Je demande à Hsin-O si les deux familles, des deux côtés du monde, ont bien accueilli le couple mixte. « Pour ma famille, cela n’a posé aucun problème; de même pour ma belle-famille. Mon beau-père enseignait les mathématiques à l’université de Strasbourg et ses étudiants étaient français, asiatiques, indiens… » Modeste, Hsin-O ne dit pas qu’il fut un brillant mathématicien, consacrant son oeuvre à la théorie du potentiel et au calcul des probabilités et s’illustrant, entre autres, par son très renommé Séminaire de Strasbourg.

En 2001, l’Association pour l’enseignement du chinois et de la calligraphie chinoise est créée par Xu Quanhua, professeur en mathématiques de l’université de FrancheComté. Issus de la deuxième génération, les élèves sont âgés de 3 à 17 ans. Le fils de Hsin-O, Constantin y suit deux heures par semaine.
« La première année, nous n’avions pas de local. La ville nous avait prêté une salle à l’Hôtel de Ville, place St-Pierre. Six mois après la création de l’Association, nous avons ouvert le cours aux Français. Pari réussi ! Nous avons eu 40 inscrits. Depuis le chiffre s’est stabilisé autour de 60 personnes. Les enseignants sont au nombre de 4 : 3 pour l’enseignement de la langue et 1 pour celui de la calligraphie. » C’est Hsin-O Tsai qui assure cet enseignement.

Nous évoquons les prénoms, leur signification, les motivations présidant à leur choix. Hsin-O signifie « Fée du bonheur ». Écoutant les développements de mon interlocutrice, je comprends qu’un prénom en Chine relève de la composition, de la création ! Il est très rare de trouver des prénoms de même impression et de même caractère. Les parents chinois recherchent la rareté, la singularité.
Constantin, quant à lui, doit son prénom au goût de ses parents pour Constantinople et leur intérêt pour la Turquie.

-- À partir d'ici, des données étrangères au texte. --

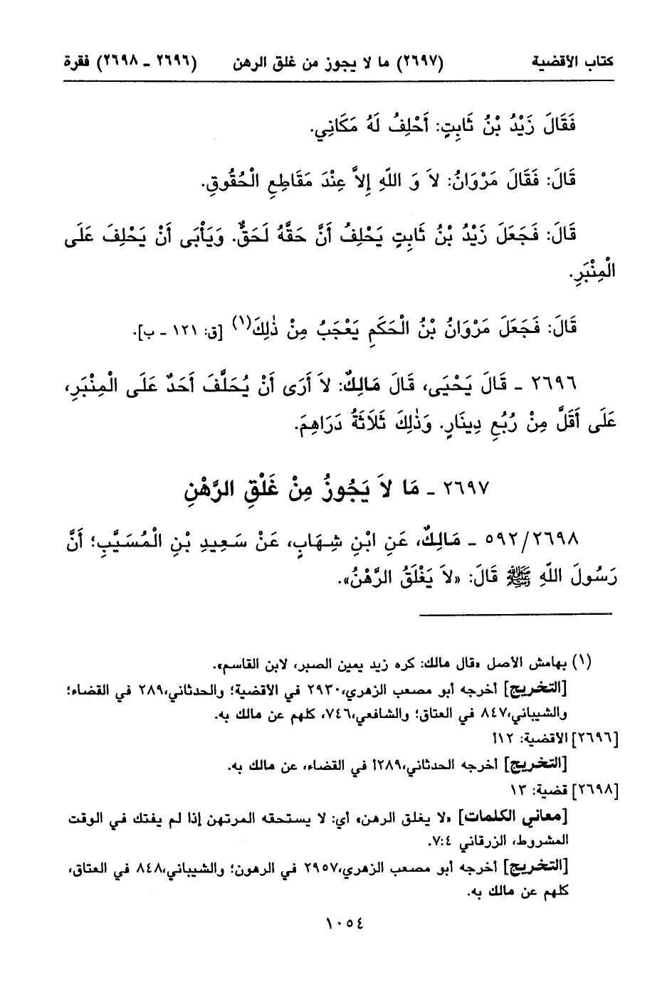٢٦٩٨/ ٥٩٢ - مَالِكٌ، عَنِ ابْنِ شِهَابٍ، عَنْ سَعِيدِ بْنِ الْمُسَيَّبِ؛ أَنَّ رَسُولَ اللهِ صلى الله عليه وسلم قَالَ: «لَا يَغْلَقُ الرَّهْنُ».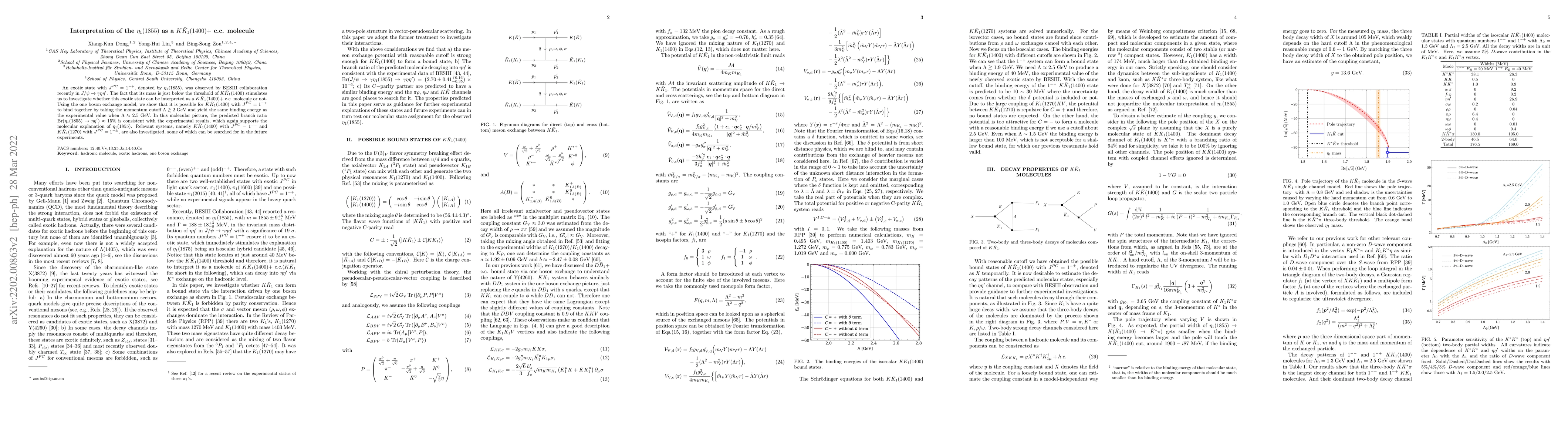 An exotic state with $J^{PC}=1^{-+}$, denoted by $\eta_1(1855)$, was observed by BESIII collaboration recently in $J/\psi \to \gamma \eta\eta'$. The fact that its mass is just below the threshold of $K\bar K_1(1400)$ stimulates us to investigate whether this exotic state can be interpreted as a $K\bar K_1(1400)+$ c.c { molecule or not}. Using the one boson exchange model, we show that it is possible for $K\bar K_1(1400)$ with $J^{PC}=1^{-+}$ to bind together by taking the momentum cutoff $\Lambda\gtrsim 2$ GeV and yield the same binding energy as the experimental value when $\Lambda\approx 2.5$ GeV. In this molecular picture, the predicted branch ratio $\mathrm{Br}(\eta_1(1855)\to\eta\eta') \approx 15\%$ is consistent with the experimental results, which again supports the molecular explanation of $\eta_1(1855)$. Relevant systems, namely $K\bar K_1(1400)$ with $J^{PC}=1^{--}$ and $K\bar K_1(1270)$ with $J^{PC}=1^{-\pm}$, are also investigated, some of which can be searched for in the future experiments.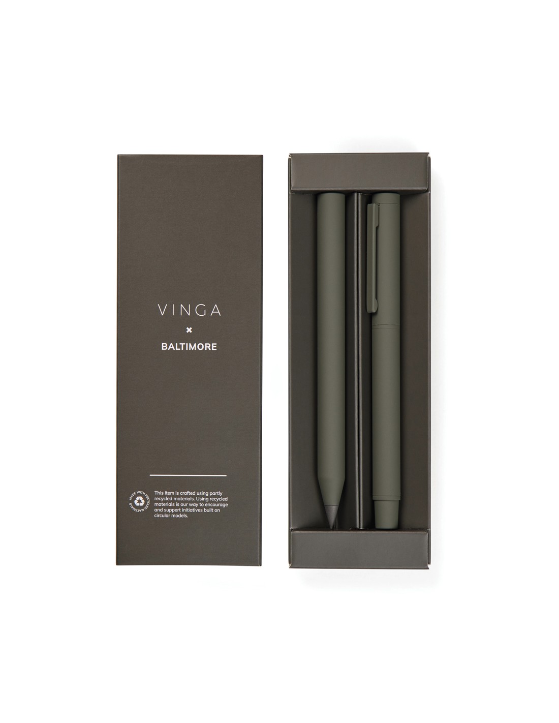 Questo moderno ed elegante set comprende due penne: una eterna e una classica penna a sfera con cappuccio e clip. Progettate per garantire stile e funzionalità, queste penne sono realizzate in acciaio inossidabile riciclato certificato RCS, con un rivestimento superficiale in gomma per una presa confortevole e una finitura opaca. Entrambe le penne hanno un peso bilanciato che garantisce stabilità e scrittura senza sforzo. La penna eterna offre una scrittura senza limiti. La penna a sfera è dotata di una punta fine da 1,00 mm e garantisce una scrittura fluida e costante con inchiostro blu documentale, che dura fino a 1200 metri. La certificazione RCS garantisce che l'intera catena di approvvigionamento dei materiali riciclati sia certificata. Il contenuto totale di materiale riciclato si basa sul peso complessivo del prodotto. Questo prodotto contiene il 52% di alluminio riciclato certificato RCS e il 10% di acciaio inossidabile certificato RCS.

Comment ne pas évoquer la cuisine traditionnelle chinoise?
« C’est la préparation qui est longue et non la cuisson (la saisie). Il faut tout découper et de manière harmonieuse, soit uniquement en lamelles, soit en dés. Ma mère me disait : Tu veux savoir si quelqu’un cuisine bien ? Observe comment il découpe ses légumes ! Dans la vie quotidienne, je cuisine comme tout le monde. Les plats chinois, je les prépare lors des anniversaires, des fêtes chinoises, quand nous recevons les amis. Constantin aime bien les raviolis chinois, genre raviole, avec viande hachée et légumes. »

Nous revenons à l’Association d’enseignement de la langue et de la calligraphie chinoises, dont le siège est situé au 24 rue de l’Avenir. Une adresse prometteuse! Hsin-O m’apprend aussi qu’un cours de chinois a été ouvert à la faculté de Lettres, rue Mégevand.
Chaque fin d’année scolaire, sa classe de calligraphie expose ses travaux. Cette année 2009, l’exposition se déroulera le long du mois de juin, à la boutique Identité Café.
L’âge des élèves va de 9 ans à 75 ans. Leur enseignante Hsin-O en est fière. « Ils n’hésitent pas à venir le soir, parfois de loin (de Pontarlier, de Vesoul!), même quand il fait froid, de 18 h à 20 h 30. Des étudiants, des artisans, des peintres, des médecins… La classe compte entre 7 et 10 personnes, très motivées. C’est un vrai plaisir! »

Propos recueillis par Soumya AMMAR KHODJA, Besançon, février-mars 2009.